Tuesday, 19 November 2013

Money Matters

  1. A call came from a client who recently acquired a house in Serene Park and was re-looking at his MRTA (Mortgage Reducing Term Assurance) options.
  2. From our previous dealings, we have suggested to take MLTA (Mortgage Level Term Assurance) instead, to which he is agreeable after balancing the pro’s and cons of the plan. He was also looking at a plan that covers Critical Illnesses (CI) rather than the basic coverage of Death & Disability.
  3. The new loan was at RM265k. Around a year ago, he acquired an apartment which carried a RM200k loan and he took up an MLTA plan to mitigate the risk.
  4. As our meeting went on, he informed us that the apartment has been since been sold off and was in the process of changing hands. This transaction was expected to be completed in about 3 month’s time.
  5. The question thus is, how much should he take for the new loan in view of the soon to be completed disposal? Should he re-cycle the previous MLTA and just top up the difference of RM65k or take a plan for the full RM265k since the previous unit has yet to be disposed in its entirety?
  6. If one is paranoid, then, the new MLTA should be at RM265k. However, this may be an overkill since the apartment is already on its way out. There is such thing as risk and then there is calculated risk.
  7. We explained to him that, when it comes to property investment, it may not be practical to insure the entire amount of loan for all properties. In practice, one should categorise properties as core holdings and trade commodities.
  8. The core units should be protected in full as the primary intention is for long term retention (for self use or rent collection) while the other group is held with the aim of disposal should the right situation arise.
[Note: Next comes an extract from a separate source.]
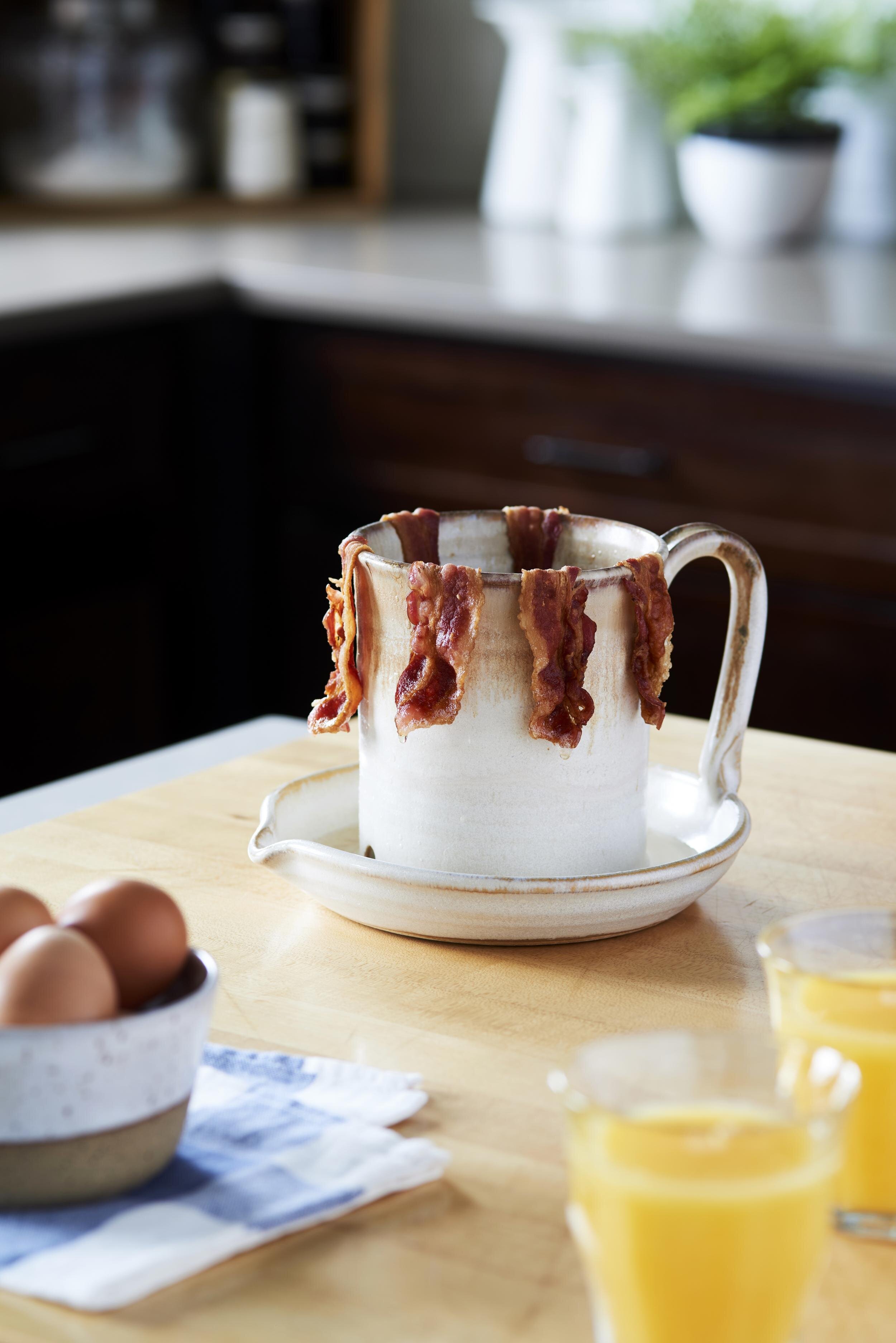 Bringing home the bacon gets a lot easier with our pottery bacon cooker. It’s a foolproof way to cook bacon for summer BLTs.

  9. Examples of core units are the house one resides in, the office one operates from as well as other units that are meant for portfolio building.
  10. He thus concluded that the house is a core unit that must be protected from risk and the apartment as a trade item. We suggested that he performs this core/non-core asset exercise periodically to gauge his risk exposure and the mitigating action needed.
  11. In the end, he decided to take an additional coverage of RM100k instead. The rationale was to have an additional RM35k for the family even after the house loan has been settled in full.
  12. We suppose, when one is a husband/father, leaving something extra behind as a parting gift is the least one can do.
  13. Loans are a good financial tool but just like fire, if precautions are not there, it can burn the house down. Happy investing!